# Storing Batteries



## trips-man (Apr 26, 2015)

I'm wanting to stock up on 12v batteries. How do I store them?


----------



## Slippy (Nov 14, 2013)

We store ours in a cool dry spot in our basement in a plastic container, separated by type (A, AA, 9V, D, etc). We do our best to rotate them. We used to store some in our freezer in a plastic bag...(I read that it extends the life but we never saw proof) so we stopped. Plus they took up too much valuable freezer space.

EDIT;
I should read every word of the OP before I post, I mistakenly thought small batteries. My mistake.


----------



## Kauboy (May 12, 2014)

Charged, and preferably connected to a battery maintainer.
If not being discharged, they shouldn't off-gas any significant amount, but some ventilation to the area should be allowed.

Also, what purpose will you have for these batteries?
Certain types are better for certain uses. Car batteries would not be the best choice for supporting long running systems, as an example.


----------



## Jakthesoldier (Feb 1, 2015)

In to follow this


----------



## trips-man (Apr 26, 2015)

I want to use them for back-up electricity (lights, fans, etc) and possibly for an inverter.


----------



## paraquack (Mar 1, 2013)

Like Kauboy said, use a battery maintainer. I used one on my RV engine battery and very good luck with the battery not sulfating. Try this link for more info. Never let a discharged or partially discharged battery sit for any length of time. The "house" battery for lighting, etc. in my RV was dual 6 volt golf cart batteries. with proper care and a maintainer, I got 15 years on the pair. 
Sulfation and How to Prevent it - Battery University


----------



## jdbushcraft (Mar 26, 2015)

Slippy said:


> We store ours in a cool dry spot in our basement in a plastic container, separated by type (A, AA, 9V, D, 12V etc). We do our best to rotate them. We used to store some in our freezer in a plastic bag...(I read that it extends the life but we never saw proof) so we stopped. Plus they took up too much valuable freezer space.
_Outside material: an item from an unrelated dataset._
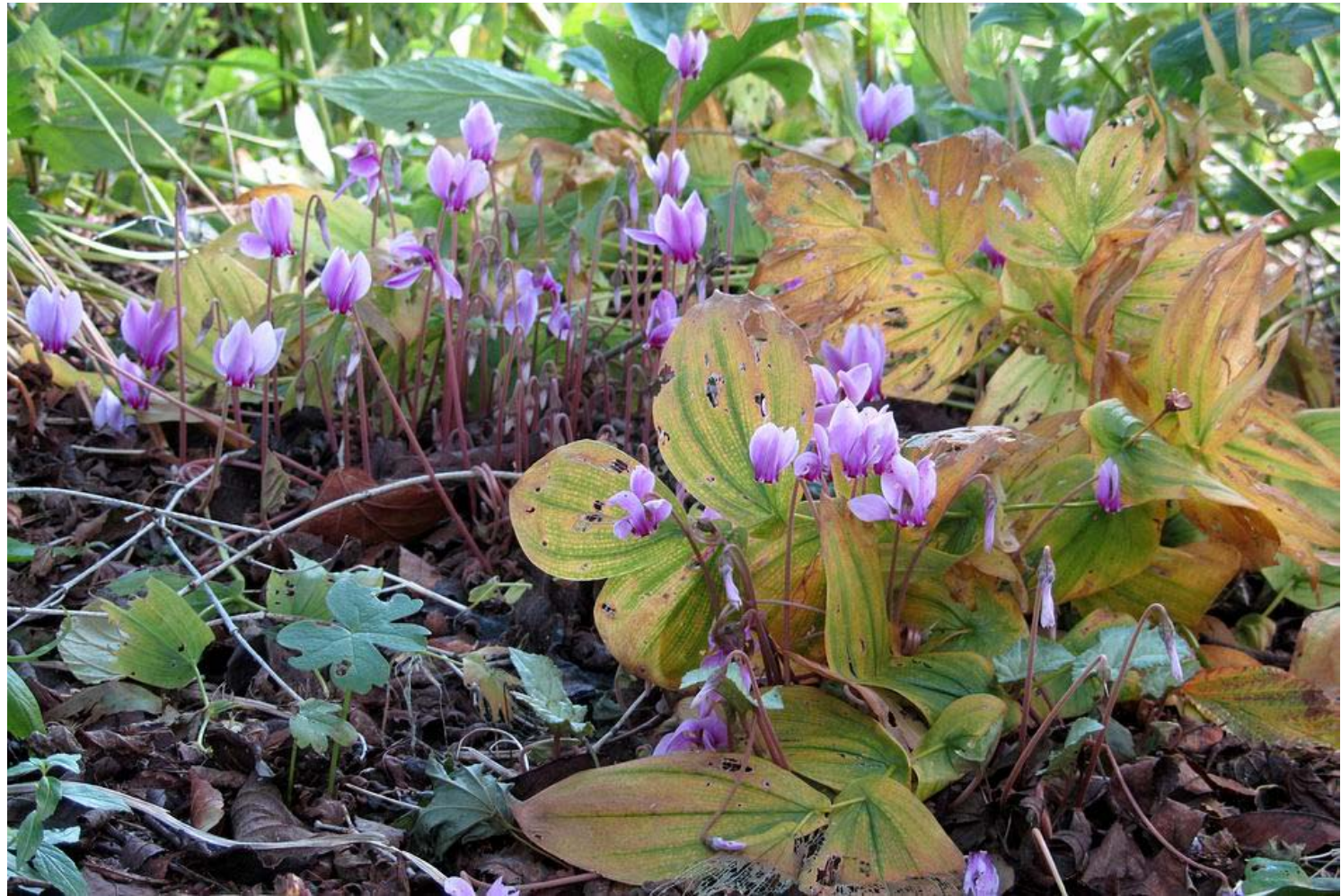
Above - yellowing Uvularia leaves contrast nicely with the emerging Cyclamen hederifolium flowers while below you can see the large red fruits of Podophyllum add a stunning effect along with some Arisaema berries.

They are talking 12v marine batteries. But to your post, don't store regular batts in the freezer. They can burst.


----------



## Kauboy (May 12, 2014)

trips-man said:


> I want to use them for back-up electricity (lights, fans, etc) and possibly for an inverter.


A car battery is intended to deliver max amperage quickly, but not over a long period of time.
A golf cart battery, for example, is designed to provide a lower sustained amperage for an extended period of time.
For running lights and other appliances, you'll want to go with a slow drain battery, like a golf cart battery or a marine battery(not a starter battery).
These will last much longer for your use.


----------



## budgetprepp-n (Apr 7, 2013)

It is amazing how long you can run a couple lights from a battery.
If I may make a suggestion you might want to pick up some 12 volt bulbs they take less electricity
than a 120 volt bulb using an inverted. 

I have ordered some 12 volt bulbs in different wattage's when they come in I am going to do a post
and list the wattage's it takes to run them. And maybe compare they to a 120 volt bulb using a small inverter.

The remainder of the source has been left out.